Was this an arranged marriage? India. Maybe he just doesn't find her attractive?

Ask the questions that no one has asked and not the nice ones and what she wants to hear.

You have to get the whole story and not just the female side of things.


----------



## EleGirl (Dec 3, 2011)

So if a woman is unattractive, it justifies her husband cheating for their entire 4 month marriage?


----------



## MissScarlett (May 22, 2013)

It seems we had another poster recently in an arranged marriage with a husband who was doing the same thing. 

Regardless of the social ramifications this man has done nothing but hurt you and will continue to hurt you because not only does he not love you but also resents the hell out of you. 

Don't walk, run out of this marriage.


----------



## CuddleBug (Nov 26, 2012)

EleGirl said:


> So if a woman is unattractive, it justifies her husband cheating for their entire 4 month marriage?



And again, you're not getting it.

I am here to understand the "why" and not that it has happened twice already, that she stayed in the marriage, an arranged marriage were culture and family are extremely important.

"Why" did he do this?

"What" lead him to having those two cheating sessions in the first place along with his porn issue?

Once you understand the "why" and "what" lead up to this situation, she and everyone will learn.

To say, we'll so and so cheated on me many times but no one is told why and what lead this individual to do these things, no one learns anything. You're just stating what we already know.


----------



## MissScarlett (May 22, 2013)

I imagine what led him to act this way is because he is a *********.


----------



## CuddleBug (Nov 26, 2012)

Totally agree.

I am not in any shape or way defending this scumbag, but I do want to know "why" he did it and "what" lead up to it.

Without that, its pointless.


----------



## chillymorn (Aug 11, 2010)

A horrible situation.

Listen you get one life (as far as I know) to live on this earth. Regardless of what your family/society/anybody thinks you need to do it for yourself. many years from now you will look back and be thank full you took the initiative to take control of your life. will it be hard? ...you bet it will .Will you do everything right? most likely not but that's OK. You will get past all this and it will get better.


start with talking to you family and if they are not helpful then muster up the courage and start an exit plan. save as much money as you can. any way you can. research on the computer how to get divorce where your at and find a way to make it work.

good luck.


----------



## EleGirl (Dec 3, 2011)

zonika17,

Are there organizations in your area that help women who have serious marital problems? If there are, could you get some counseling. I think that in your culture you need all the help you can get.
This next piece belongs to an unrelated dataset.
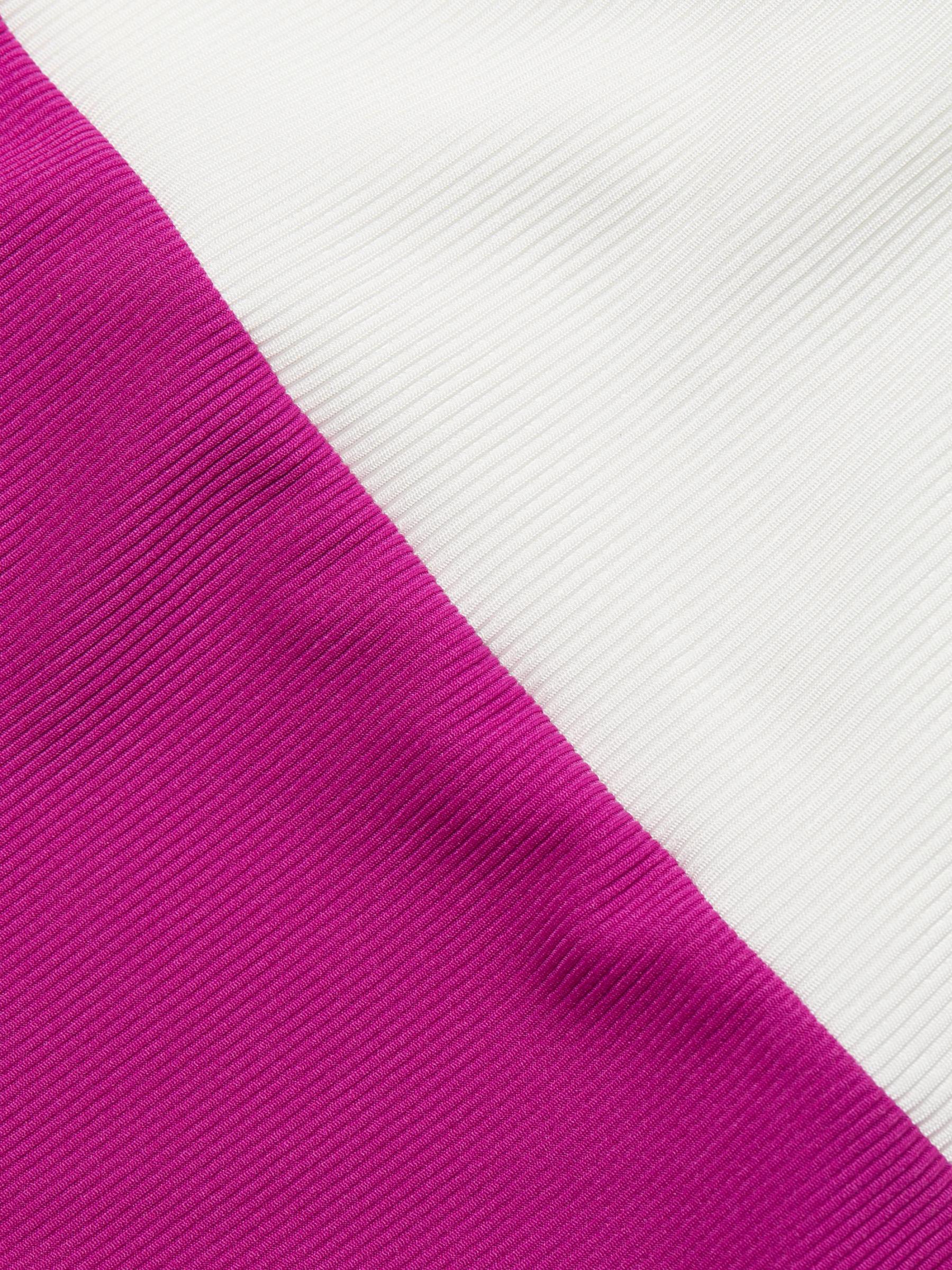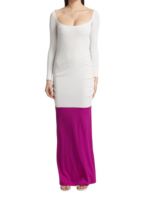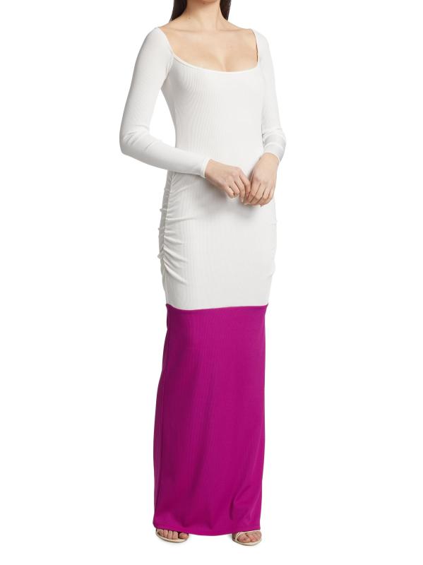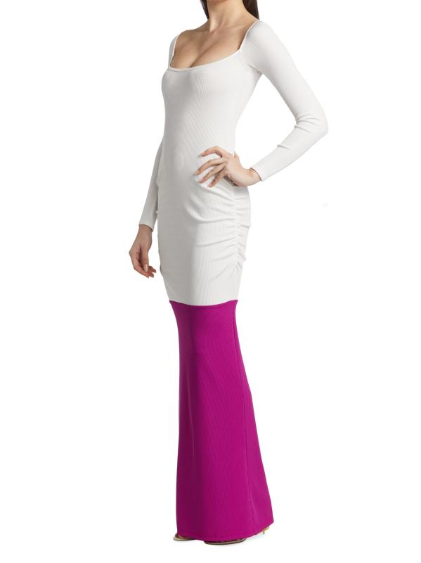 Los Angeles-based IZAYLA has captured the middle road between timeless silhouettes and contemporary fanfare. This collection represents the empowerment of women’s fashions, featuring signature fabrics and classic, conservative cuts. Styled with a circular scoopneck, this vibrant two-tone dress is finished with ruched detailing at the sides.

One thing that I wondering is if you can stand up to him. Just tell him that he is your husband and he has to treat you with respect or you will take the problems to your elders, his family and yours, for help.

Tell him that he has to sleep on the floor or elsewhere. That you will not be disrespected in the manner that he is doing to you.

Remember that a woman is the queen in her own home. So be that queen.


----------



## pink_lady (Dec 1, 2012)

OP are you in India? Or some other country?

Get out as soon as you can. This situation is not going to get any better.

How old are you?


----------



## zonika17 (Jul 18, 2013)

i am 23 yrs old. today we had gone to the doctor he has been diagnosed with depression. the doctor on top of it says no sex for while. now he is happy that the doctor also had said no. now for a kiss also he is throwing tantrums. i dont know what to do. i told my mother that i want to walk out of it but then my family has a lot of financial issues so i dont know what will i do. i just need him to be a normal man. also we havent gone for our honeymoon also..i need him to be someone whom i can enjoy with and not cry for everyday.


----------



## zonika17 (Jul 18, 2013)

@ cuddle bug.. yes i am a larger woman but he is way larger than me. so that shouldnt be a problem and if it was the frst day when he saw me i was the same. he should have not agreed for mariage then. our marriage also happend in like after meeting for the first time the guy who arranged the meeting without askin me said its a yes from my side. hes my uncle and my husband was told tht the girl is cry at the restaurant. thats y he agreed.


----------



## PBear (Nov 16, 2010)

My thoughts... It was an arranged marriage. He didn't marry you because he loved you and was committed to spending the rest of his life making you happy. Instead, he may not have ever found you attractive, and married you for financial or social reasons.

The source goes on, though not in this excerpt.